The music industry is still desperately trying to find a new business model in the post-Napster world. Taking on a role to defend the rights of those under the thumb of its business partners would be a start in the right direction and could perhaps herald a new industry that begins to re-imagine all it's relationships - with distributors, between label and artist, and between label and customer.

Occupy opens the space to create solutions, both large and small. The music industry is one of the most powerful and persuasive industries and doesn't and shouldn't allow the conditions allowed, and sometimes encouraged, by Apple and Amazon to represent it. The music industry has willingly, though sometime unwittingly, partnered with movements for social justice in the past. With Occupy, they can again.

For our part, Occupation Records will not distribute through Apple's iTunes or Amazon until these companies begin to value people over profit, and we call on the music industry to join us. Let's occupy the music industry.
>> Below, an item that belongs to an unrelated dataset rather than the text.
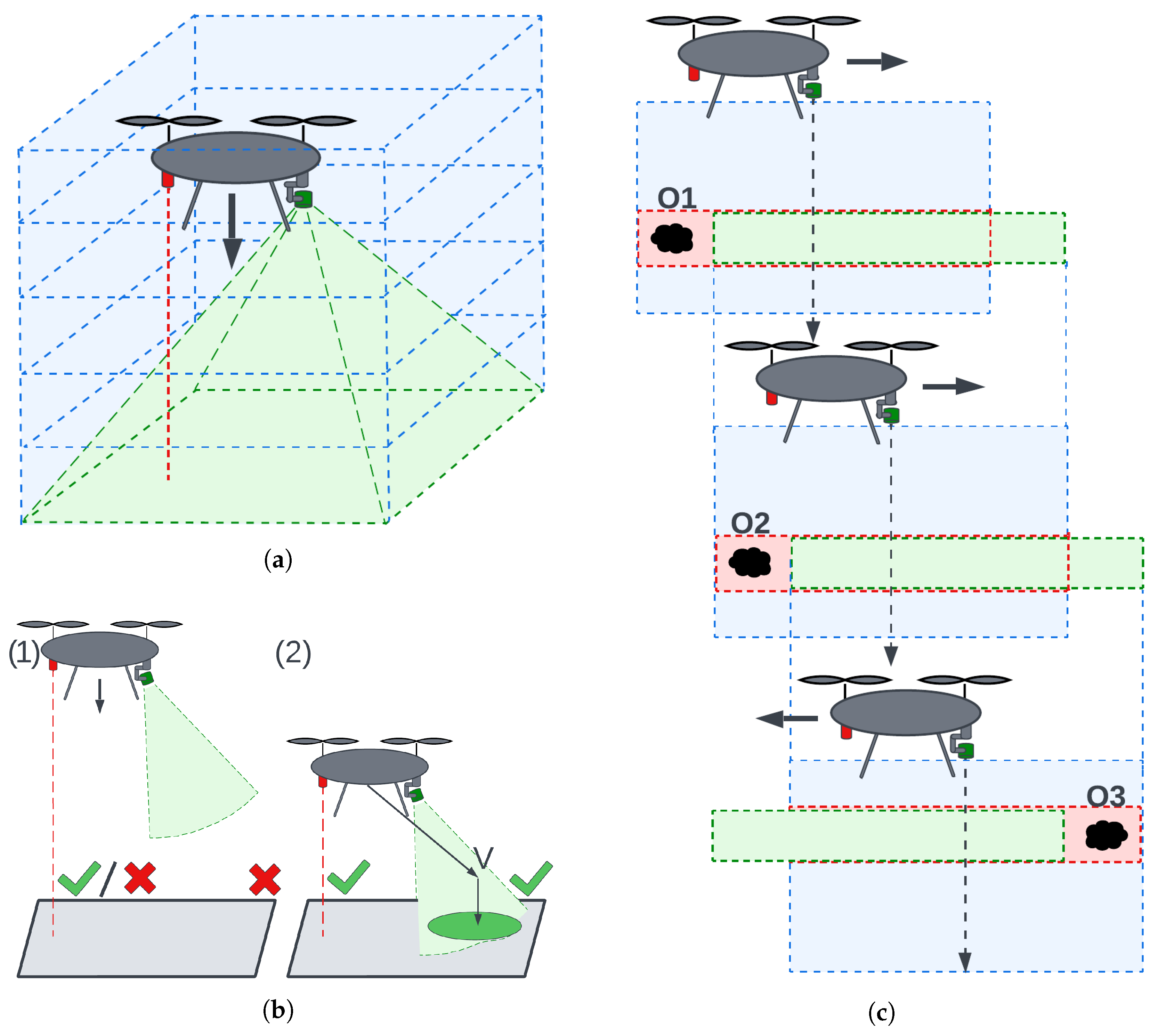 - Scenario 4—Forced Landing ZoneObstacles are arranged from the beginning to constrain the free area, forcing the algorithm to find an admissible approach point within a narrow corridor, rather than reacting to obstacles added later (Figure 23f).

While Occupation Records welcomes this development, we will be following these audits closely, and are especially interested to see how Apple reconciles the Fair Labor Association's (FLA), Workplace Code of Conduct with their Supplier Code of Conduct.

Specifically, there is a gap between what Apple considers an excessive work week (over 60 hours) and what FLA considers excessive (over 48.) More concerning is Foxconn's "internship" program which collaborates with the Chinese regime to force over a hundred thousand students of vocational schools and universities to work in its factory for free - a direct violation of the FLA's Code of Conduct concerning forced labor.

We are excited about the possibility that Apple is beginning to take responsibility for the human and labour rights of the workers that supply their products, but will be waiting to see how the audits play out. The abuses carried out by their suppliers has been brought to Apple's attention repeatedly over the last few years. As we've seen, it takes public pressure to force a company has large as Apple to act. We must keep that pressure on them until these issues are resolved.